У Чехова нет здоровых людей. Многие больны физически, а духовно — почти все без исключения. Мы поразмышляем над рассказами «Тоска», «Черный монах», «Печенег», «Студент» и «Святая ночь».

«Тоска». У извозчика Ионы умер сын. Иона тоскует о нем, хочет поделиться своим горем с людьми, но никто не желает слушать его и, отчаявшись, Иона выходит ночью к своей лошади и ей рассказывает свое горе…

Как мы теперь видим, это рассказ пророческий. Правда, вместо лошади в конце XX века есть «телефон доверия», которому можно поведать свое горе. Рассказ страшный.

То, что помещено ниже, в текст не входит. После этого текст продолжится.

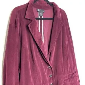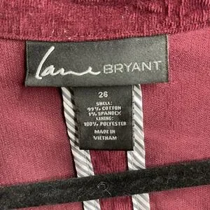 Lane Bryant Women's Velvet Velour Maroon Blazer Jacket Size 26 Dark Academia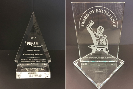 The We Are 1 HIV PrEP (Pre-Exposure Prophylaxis) social marketing campaign, which was spearheaded by Public Health – Seattle & King County, received both a regional and a national award from the Public Relations Society of America (PRSA). The multi-media HIV prevention campaign, which took place in King , Pierce, and Snohomish County, received a regional Totem Award from PRSA Puget Sound for its creativity and accomplishment within the public relations industry in the Puget Sound area. This award also recognizes projects and programs that demonstrate excellence in public relations, and that rise above the competition. The campaign then went on to receive a national Silver Anvil Award of Excellence in the “Integrated Communications Government” category, which recognizes the very best in the United States public relations industry, and honors agencies and organizations that have successfully addressed a contemporary public relations issue with exemplary profession, skill, creativity, and resourcefulness.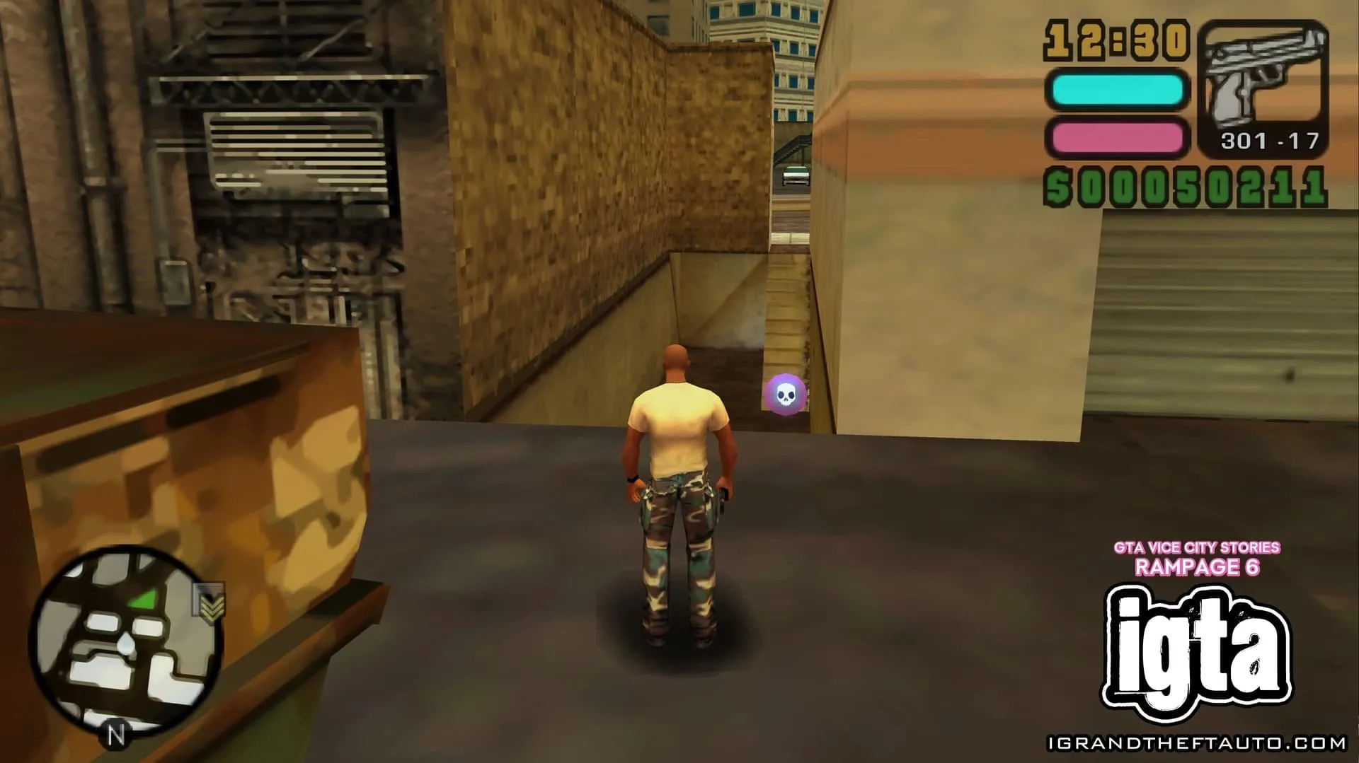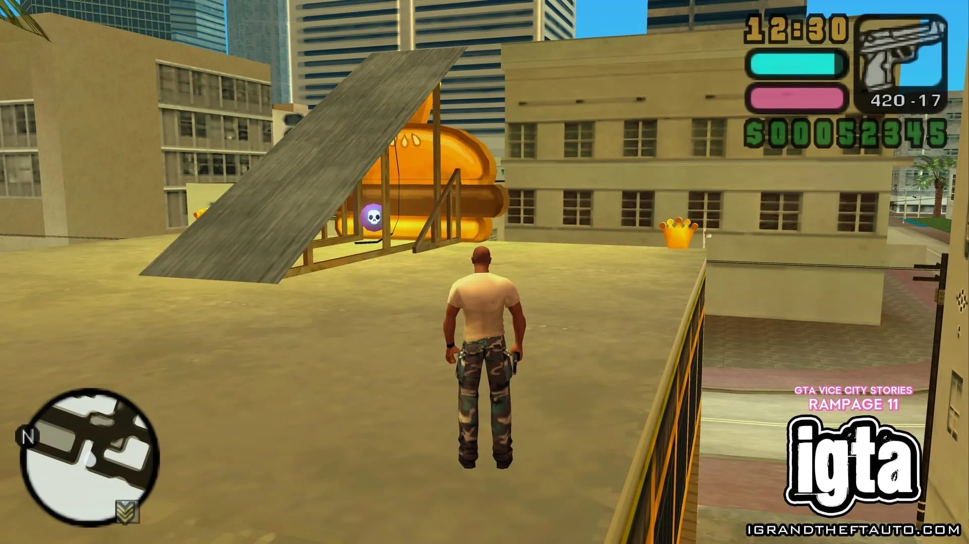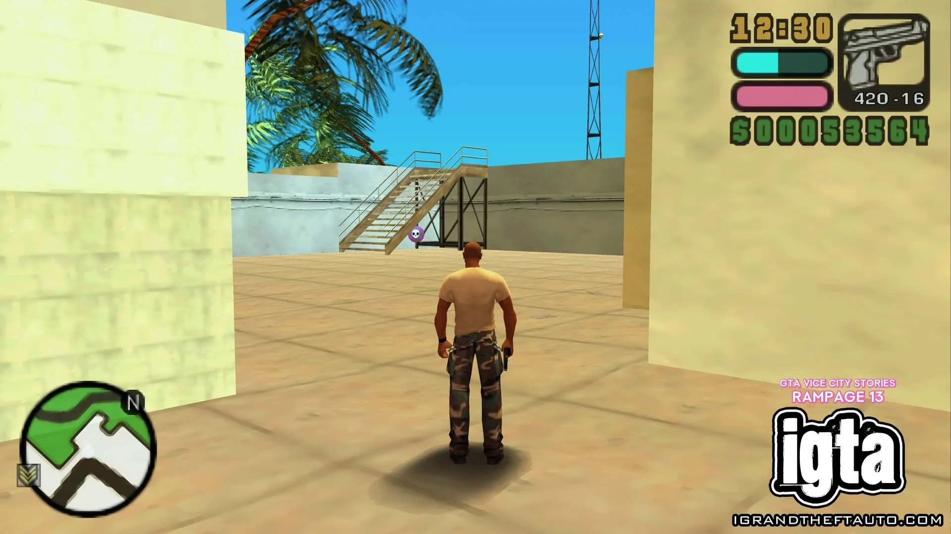 #15.位于市中心。在 PSP 版本中,这场暴乱发生在 Roxor 大楼东侧,沿着 Ammu-Nation 街向上走,楼梯顶端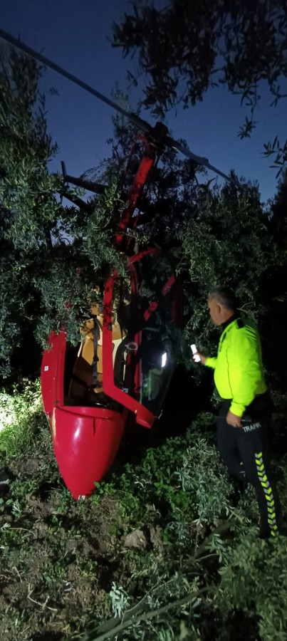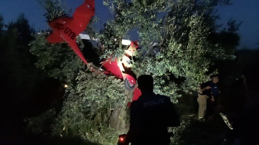 Yaşanan arıza nedeniyle pilot Erkan Hoç yanındaki yolcu Gökhan Molla ile hava taşıtını zeytin ağaçlarının üzerine indirmek için harekete geçti.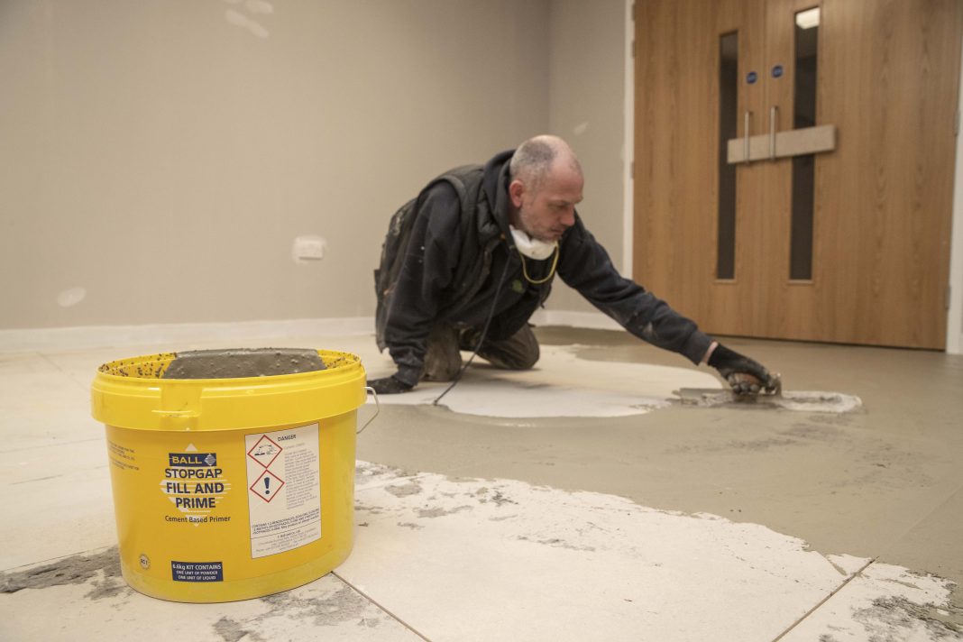 F. Ball’s Stopgap Fill and Prime and Styccobond F41 have helped to create a professional flooring finish over both wood and metal raised access panels as part of a refurbishment to create new office space for a government service in Liverpool.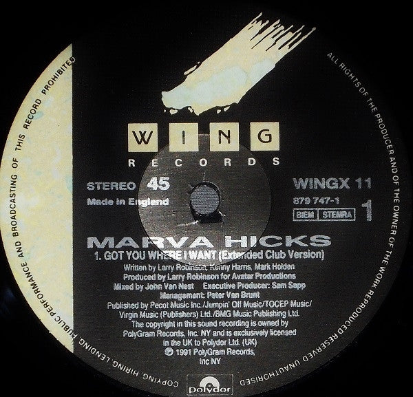 A. I Got You Where I Want B1. I Got You Where I Want (7" Version) B2. I Got You Where I Want (Instrumental)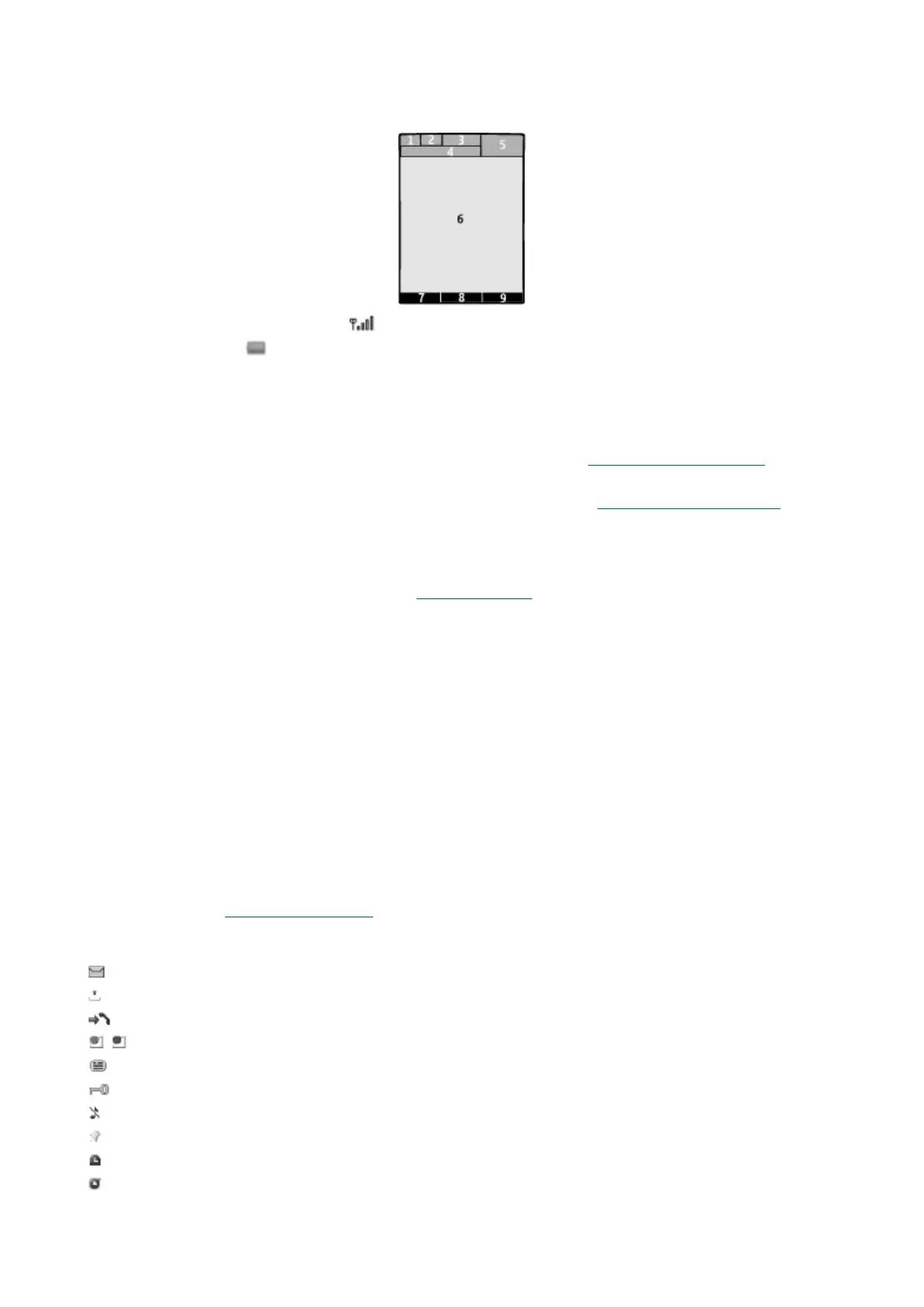The active standby mode displays a list of selected device features and information that you can directly access.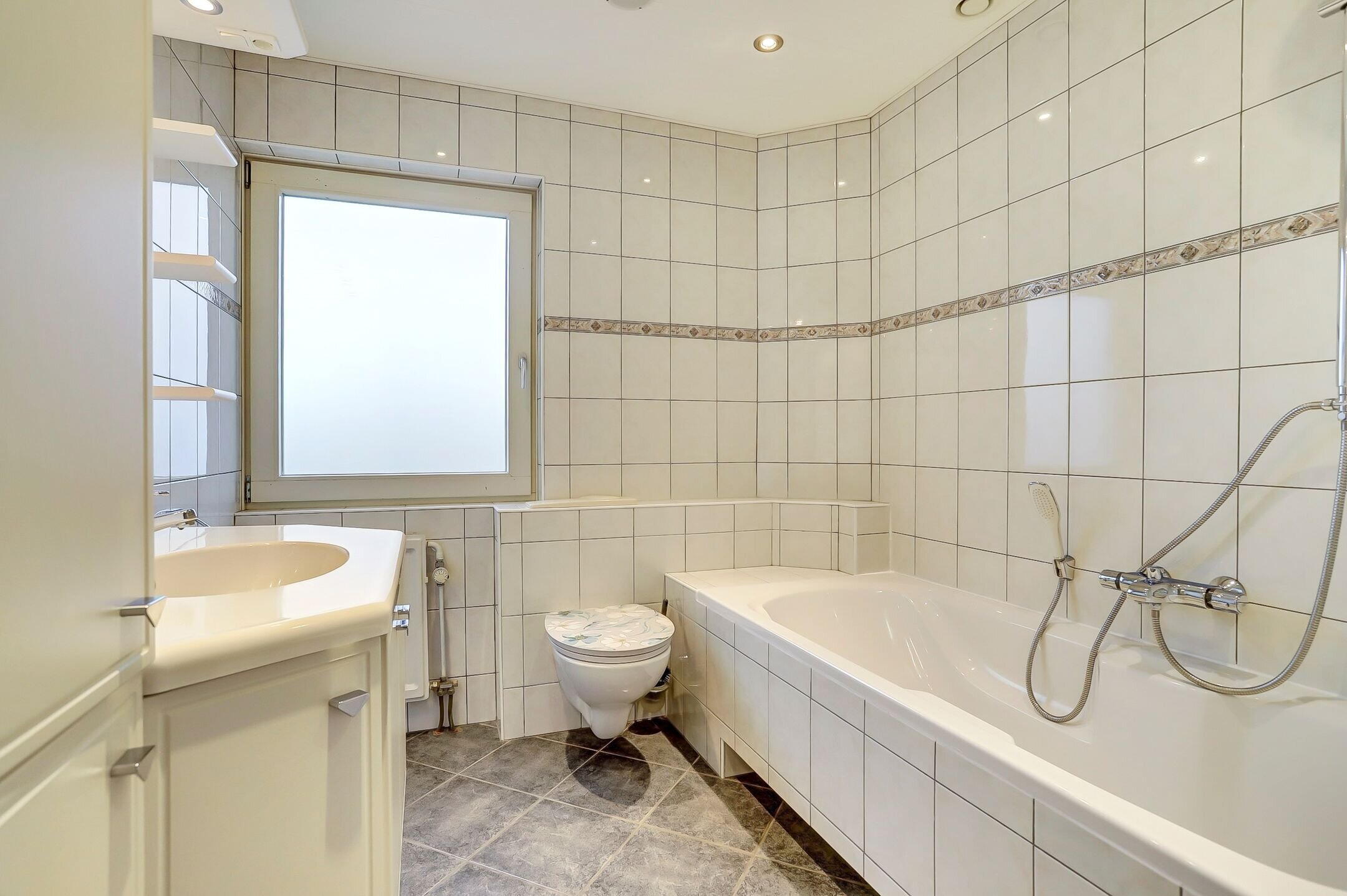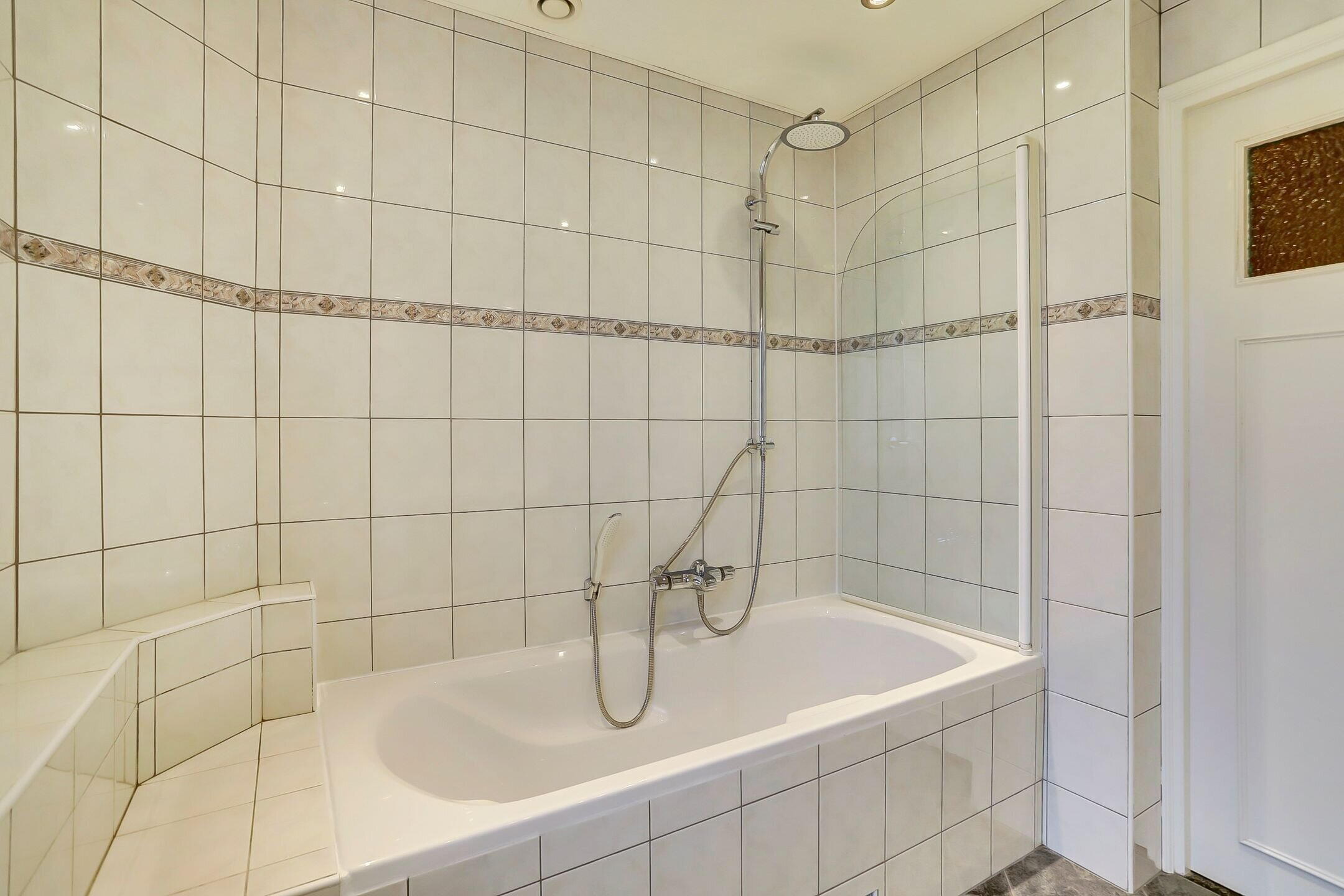 De badkamer is functioneel en comfortabel ingericht. Er is een ligbad aanwezig met een wegklapbare glazen wand waardoor je hier ook uitstekend kunt douchen zonder dat de hele ruimte nat wordt. De wastafel is gecombineerd met een groot opbergmeubel wat volop bergruimte biedt en boven de spiegel zorgen inbouwspotjes voor prettige verlichting. Daarnaast is de badkamer uitgerust met een wandtoilet. Ventileren kan zowel natuurlijk via het draaikiepraam met melkglas (hierdoor heb je wel optimaal lichtinval maar nooit inkijk) als mechanisch via de automatische afzuiging. De badkamer is uitgevoerd in een neutrale en tijdloze stijl met lichte wandtegels voorzien van een sierrand en een donkere vloertegel. Extra comfort wordt geboden door de vloerverwarming.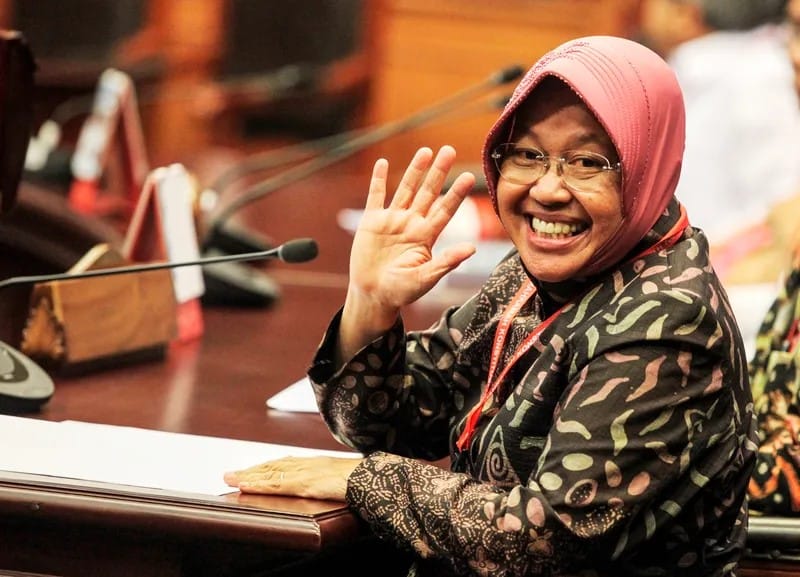 MENTERI Sosial Tri Rismaharini bungkam saat ditanya rencana mundur dari kabinet Presiden Jokowi. Ia hanya tersenyum dan melambaikan tangan ke awak media, Selasa (3/9).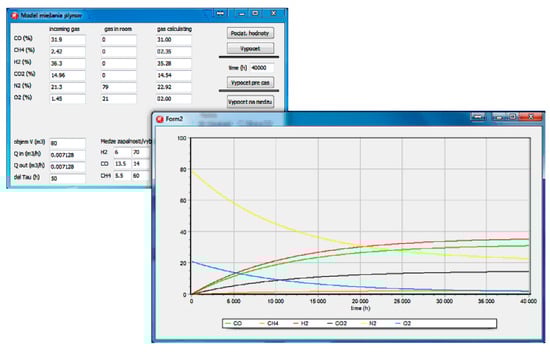 Figure 8 shows a preview of the simulation model for mixing of gases. In the top left corner the form for entering the input data is shown and in the bottom right part the graphic output is shown. In the chart you can see a change in the concentration of individual gas components for the element over time.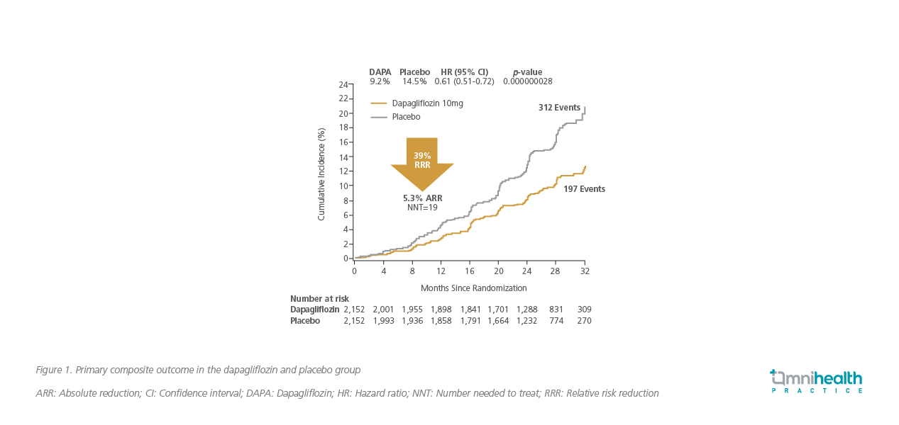 Among all participants, 67.5% (2,906 of 4,304) of them had T2DM, and 10.9% had baseline heart failure (HF).8 They were then randomized 1:1 to receive dapagliflozin 10mg once daily and placebo until the first occurrence of any of the following events:8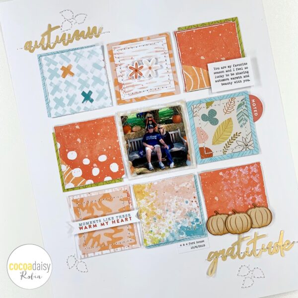 Embellishments are from the planner and memory keeping kits. The cute little pumpkins are wood veneer “stickers” from my stash.

Нетрудно заметить, Чехов не любит эпиграфы (не любит многозначительность, претенциозность, он вообще удивительно скромен и тактичен как автор), но в рассказе «Тоска» эпиграф есть: «Кому повем печаль мою». Зачем писателю понадобились эти псалмопевческие слова? Затем, что на это раз Чехову необходимо было дать читателю ключ к прочтению рассказа. Эта строчка взята из духовного стиха «Плач Иосифа и быль». Дальше автор стиха сам и отвечает на вопрос: «Кому повем печаль мою, кого призову к рыданию? Токмо Тебе, Владыко мой, известна печаль моя». Говоря современным языком, эта фраза звучит так: «Кому поведаю (понесу) печаль мою… Только тебе, Бог мой…»

Если бы извозчик Иона был православным, то Чехов, точный до невероятности, обязательно показал бы это в том, что он молится, в храм ходит… Ничего этого в рассказе нет. Единственный раз Иона вспомнил Бога, сказав про смерть сына: «Божья воля». Но это для него не более чем расхожая фраза, как и у других персонажей рассказа. Один из пассажиров Ионы, когда хвастается своей пьянкой, говорит: «Накажи меня Бог, правда…» (что он выпил вчера целых две бутылки коньяку).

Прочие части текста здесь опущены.